La vindicación de Alfonso XIII que hace el autor es discutible. El autor describe la inocente y buena intención del Rey de regenerar España, a la que no identificó con la Dinastía ni con la Constitución de 1876, pero olvidando que aceptó la dictadura de Primo de Rivera. Y esto es especialmente grave en el hijo de Alfonso XII y María Cristina de Habsburgo, dos reyes convencidos de la necesidad del mantenimiento de la libertad constitucional. De todas formas, el amor de Alfonso XIII a nuestro país permitió la pacífica proclamación de la República el 14 de abril: “Espero no tener que volver –dijo en 1931-, porque eso solamente significaría que España se ha equivocado de nuevo; que no es próspera ni feliz” (p. 300). El profesor Seco Serrano hace una crítica abierta a la izquierda maximalista, desde el Partido Progresista en el XIX hasta el republicanismo de Azaña y el PSOE de la II República. El autor argumenta la incapacidad de cierta izquierda para configurar un régimen de libertades en el que cupieran todos los españoles, y el recurso a la violencia y a la descalificación global cuando estaba alejada del poder. Sólo cuando se recuperó el modelo de consenso para construir un régimen político pudo crearse un “sistema centro” que, mediante una “nueva Restauración”, la de don Juan Carlos I, acertaría a restablecer “el civilismo y a inaugurar en España una auténtica democracia” (p. 309).
La conclusión del trabajo de Seco Serrano es bien fácil: sólo el carácter integrador y tolerante puede salvar la libertad en una sociedad plural. Los proyectos políticos empeñados en la imposición, en la intransigencia, han fracasado rotundamente; mientras que los que han contemplado como normas de la vida política el respeto de los derechos de las minorías, la transacción y la conservación de los elementos comunes de unión han hecho perdurar la libertad, a pesar de no ser tan perfectos como las utopías librescas.

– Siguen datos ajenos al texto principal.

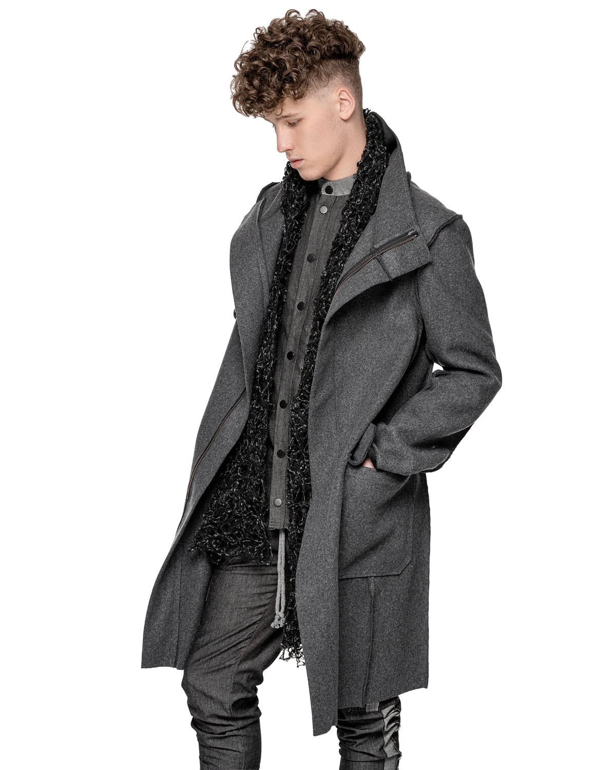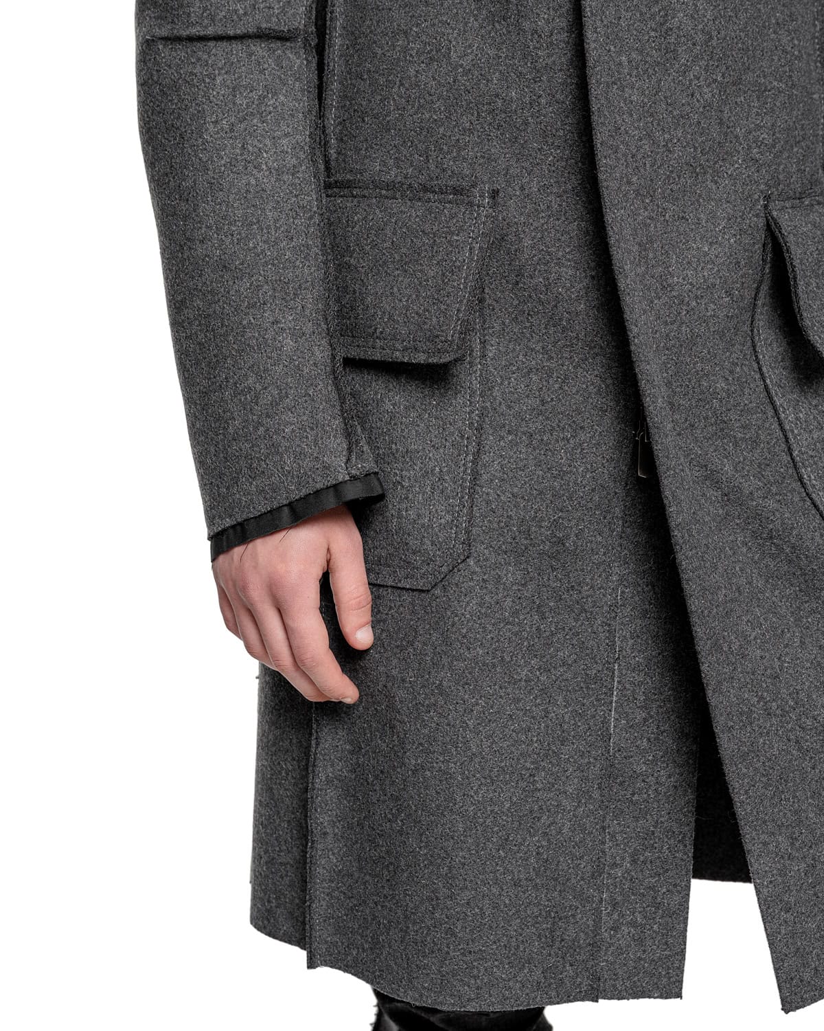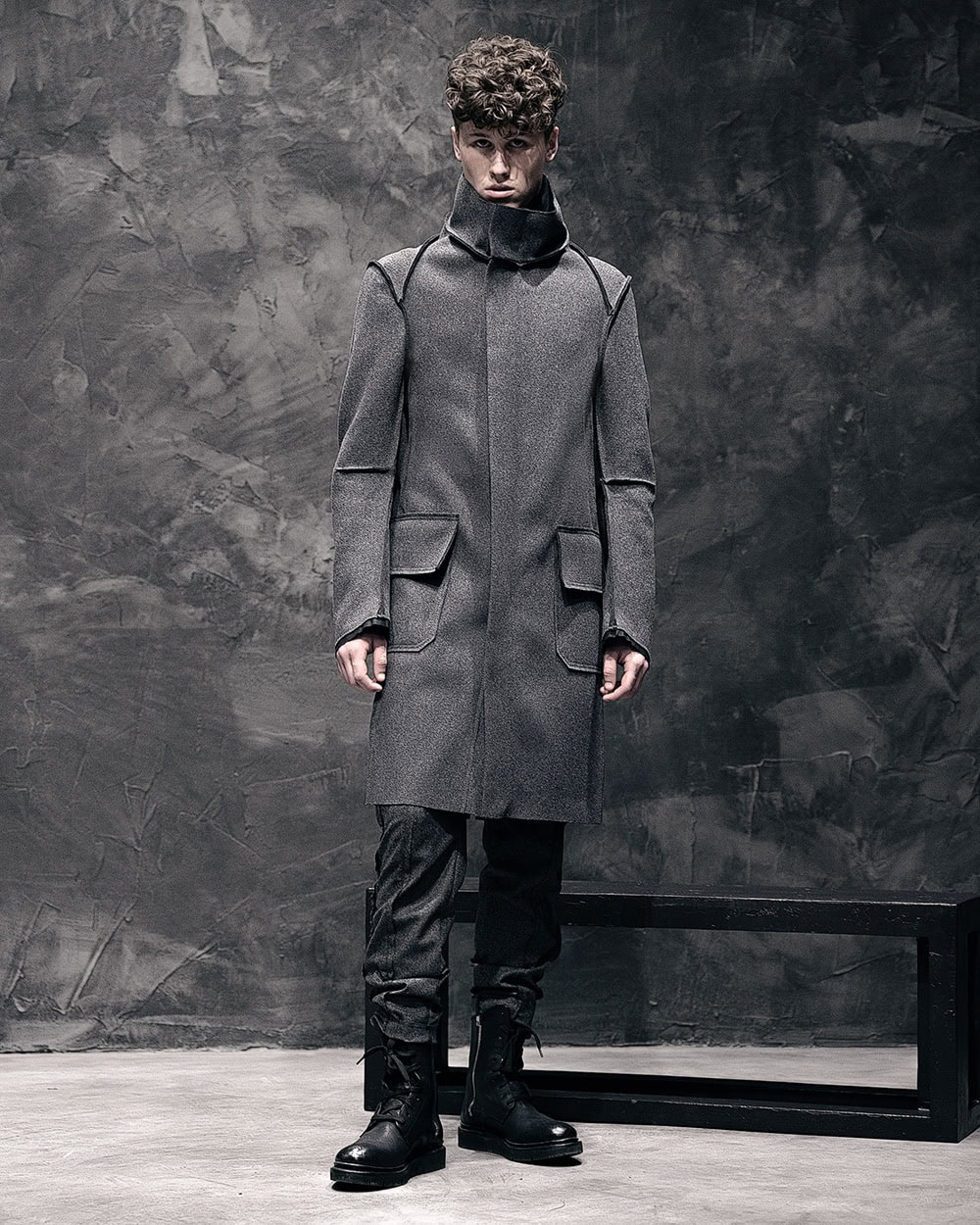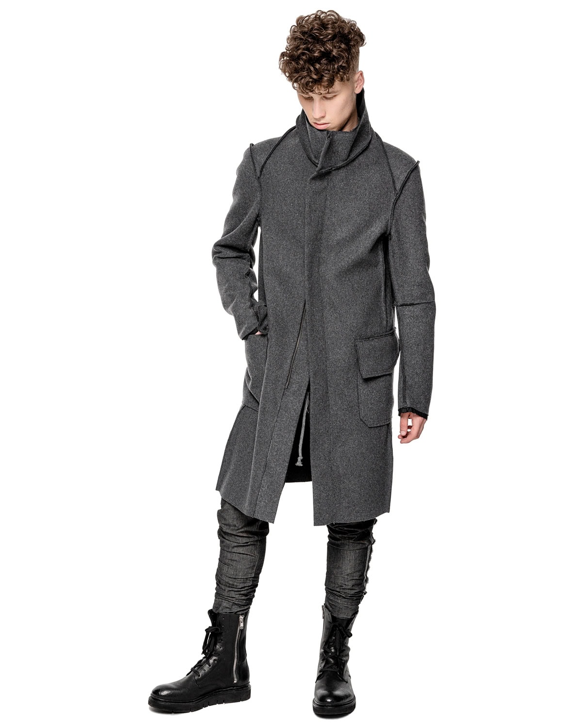 Wool Reversed Raw High Neck Coat

Jorge Vilches, Revista de Estudios Políticos, núm. 112, Abril-Junio, 2001, pp. 341-344.

Carlos Seco Serrano, Historia del conservadurismo español. Una línea integradora en el siglo XIX, Madrid, Temas de Hoy, 2000, 343 páginas.

1 comentario:

  1. He leido este libro, uno de los mejores (V. Alba, R. de la Cierva) en este tema. Gracias!